• [What the task requires]
From the first line to the last, please reproduce the material exactly, skipping the pictures.
--- Stored data Enclosed Below ---
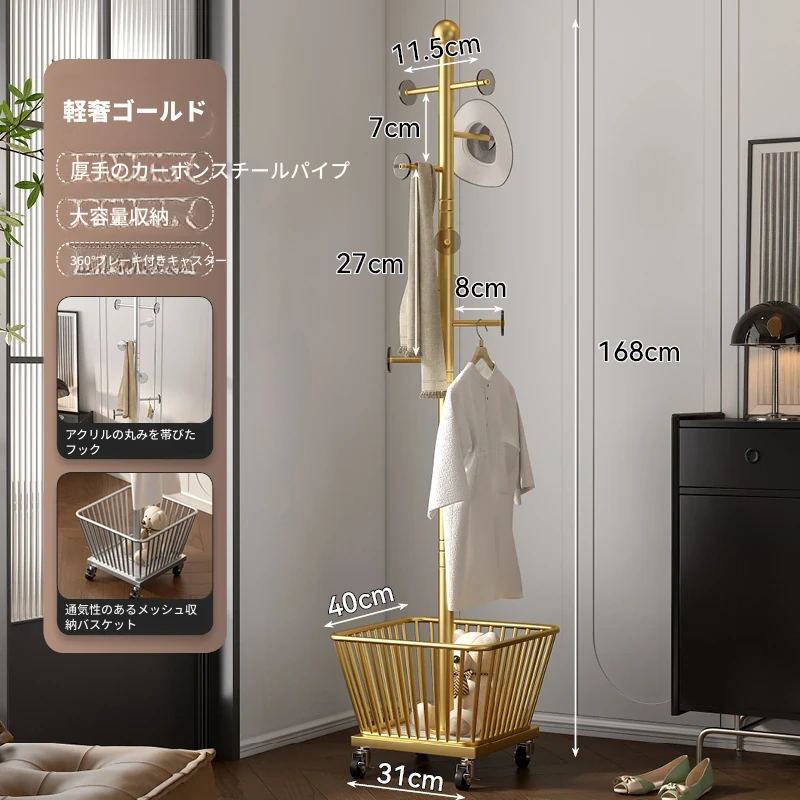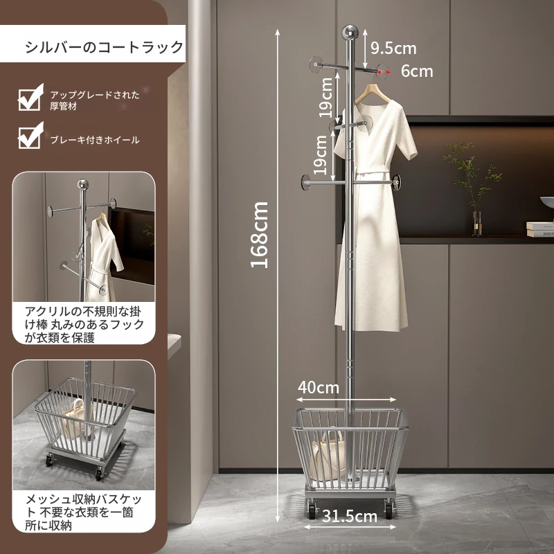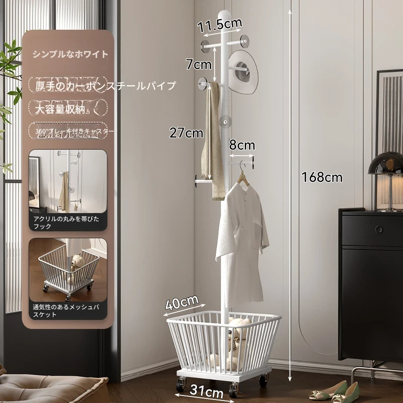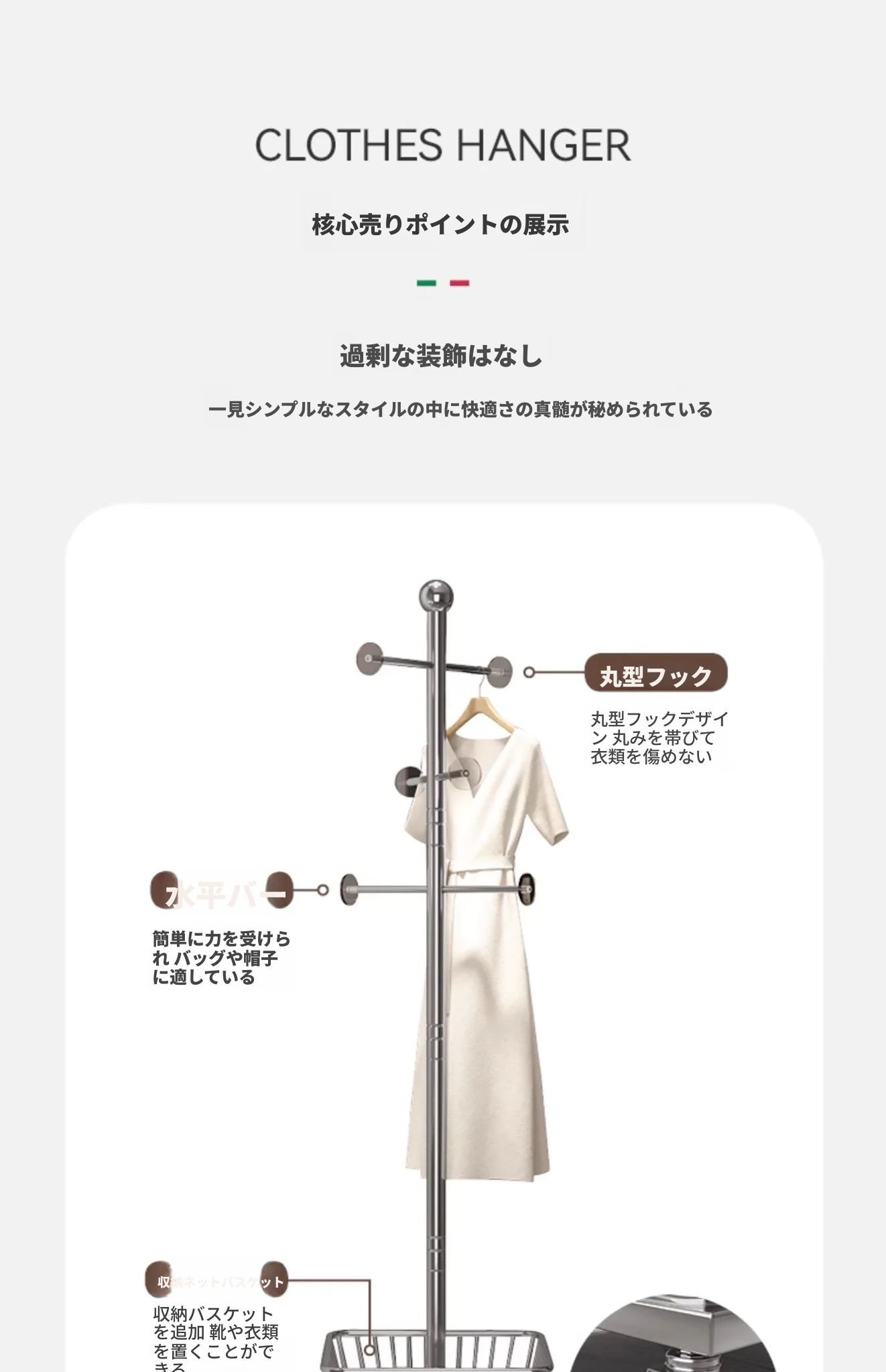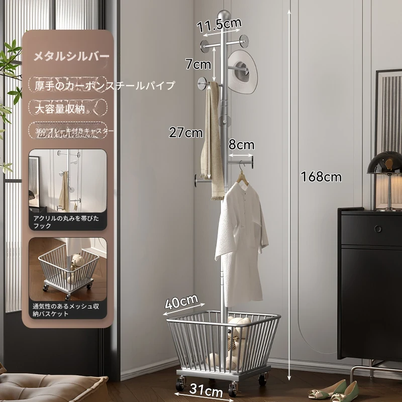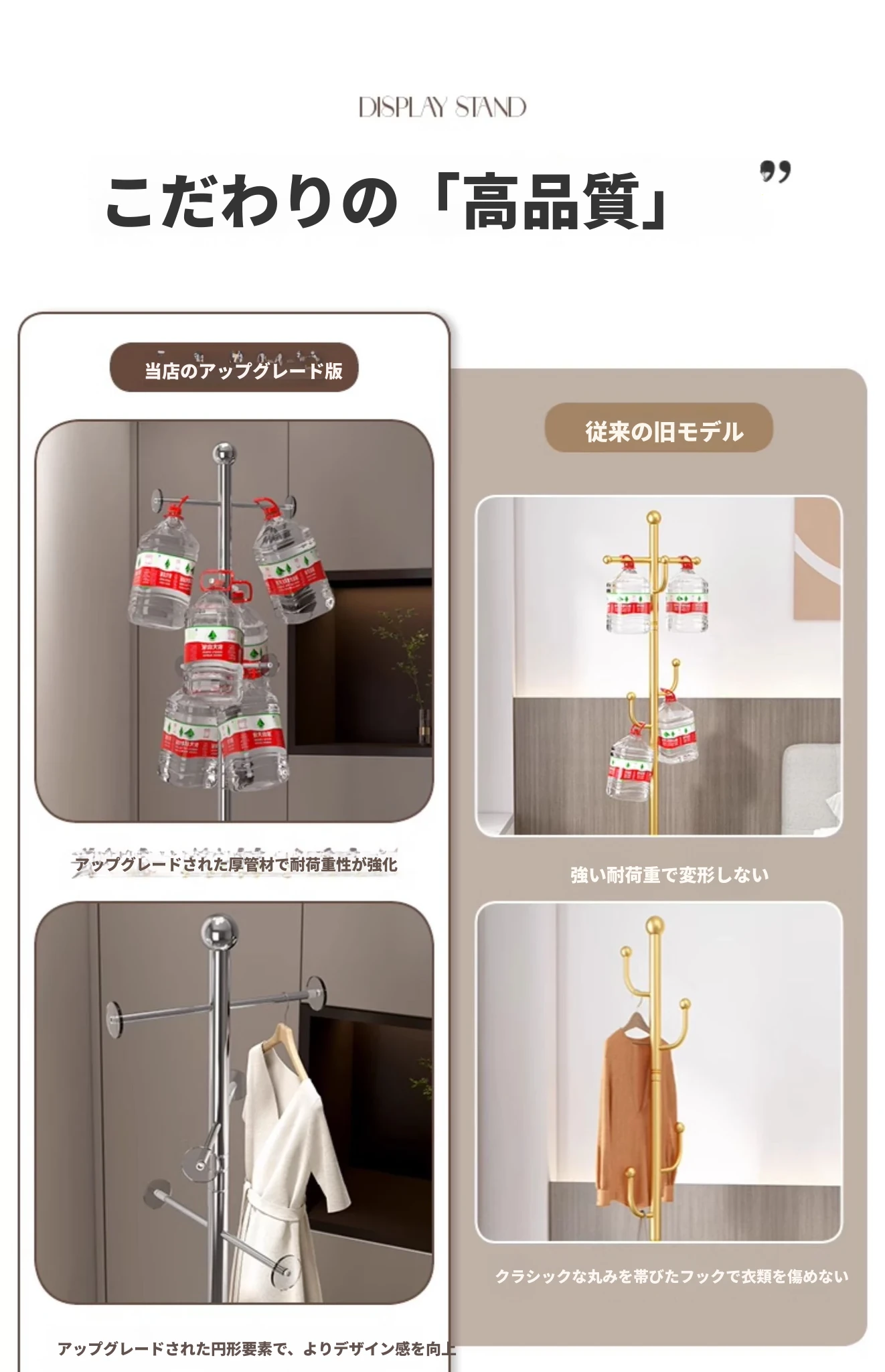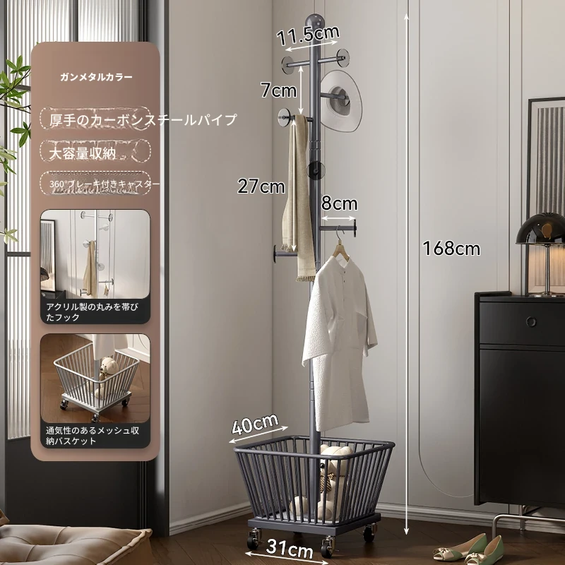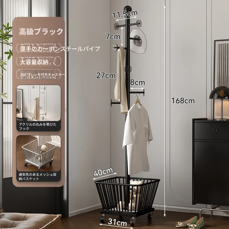 ベッドサイドにぴったり!シンプルでスタイリッシュな衣類ハンガー・コートスタンド。落地式で安定感抜群、バッグや服を簡単に掛けられます。使わない時はコンパクトに収納可能!お部屋をスッキリ整えて、毎日を快適に!
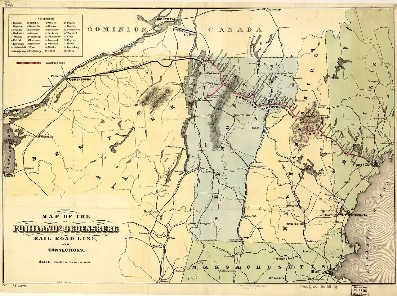 The Morrisville Depot located at 10 Depot Street (aka 10 Railroad Street) in Morrisville, Vermont, is a decommissioned historic train station. Built in 1872 to serve the Portland and Ogdensburg Railway, the depot was known as the most important train station for the Vermont lumber industry, for its decorative architectural ornament, and for housing the headquarters of the St. Johnsbury and Lamoille County Railroad from 1959 to the early 1970s. It was subsequently converted into a restaurant. The Morrisville Depot was added to the National Register of Historic Places in 1982 as building #15 in the Morrisville Historic District. Read more on Wikipedia
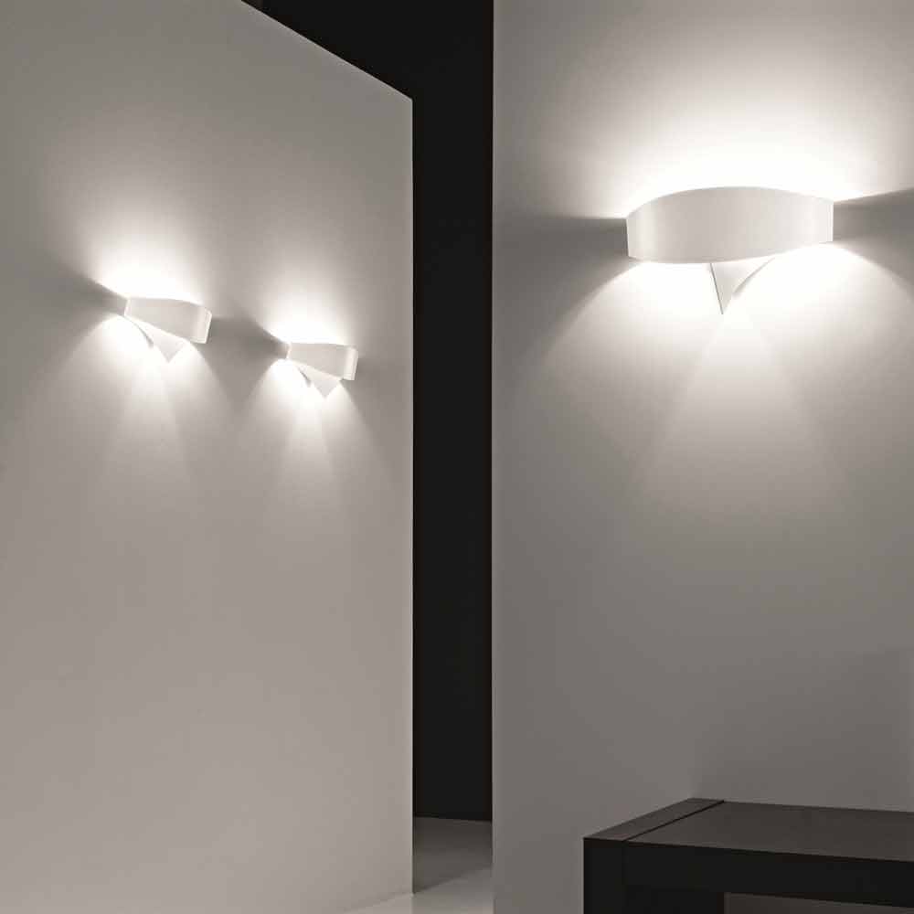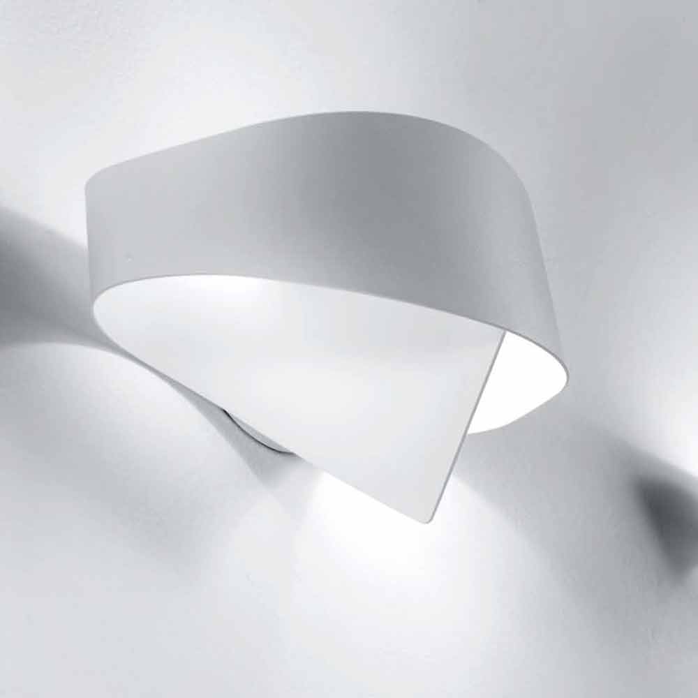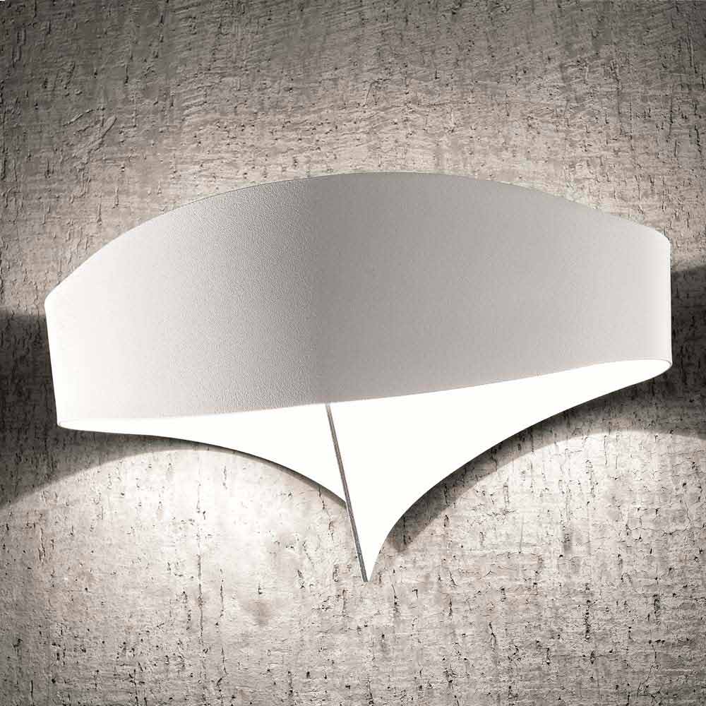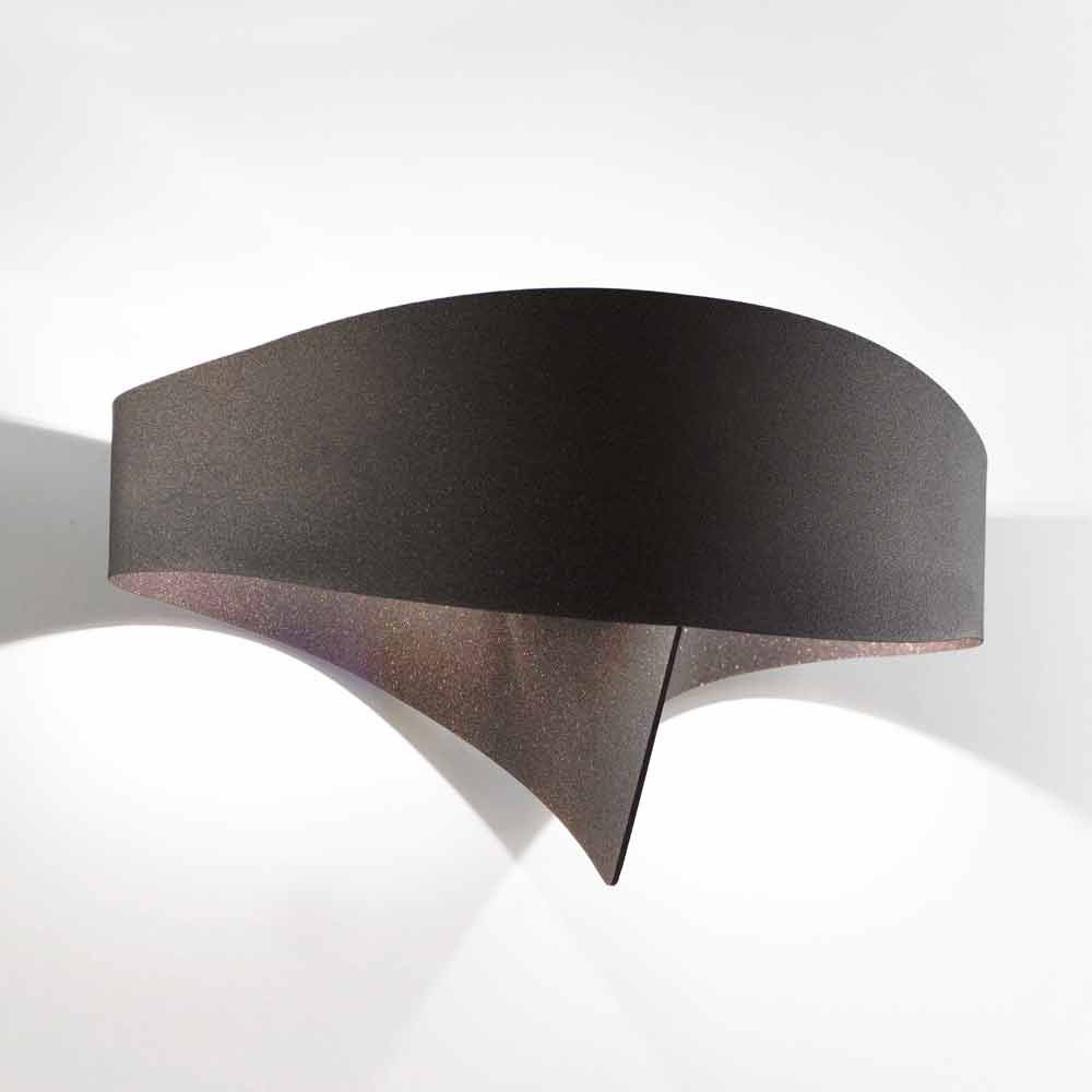 Wall lamp created starting from a laser cut steel stripe, bent by hand in order to create an undivided and wraparound element.
--- End of Enclosed Stored data ---
• [Completed task]
 ベッドサイドにぴったり!シンプルでスタイリッシュな衣類ハンガー・コートスタンド。落地式で安定感抜群、バッグや服を簡単に掛けられます。使わない時はコンパクトに収納可能!お部屋をスッキリ整えて、毎日を快適に!
 The Morrisville Depot located at 10 Depot Street (aka 10 Railroad Street) in Morrisville, Vermont, is a decommissioned historic train station. Built in 1872 to serve the Portland and Ogdensburg Railway, the depot was known as the most important train station for the Vermont lumber industry, for its decorative architectural ornament, and for housing the headquarters of the St. Johnsbury and Lamoille County Railroad from 1959 to the early 1970s. It was subsequently converted into a restaurant. The Morrisville Depot was added to the National Register of Historic Places in 1982 as building #15 in the Morrisville Historic District. Read more on Wikipedia
 Wall lamp created starting from a laser cut steel stripe, bent by hand in order to create an undivided and wraparound element.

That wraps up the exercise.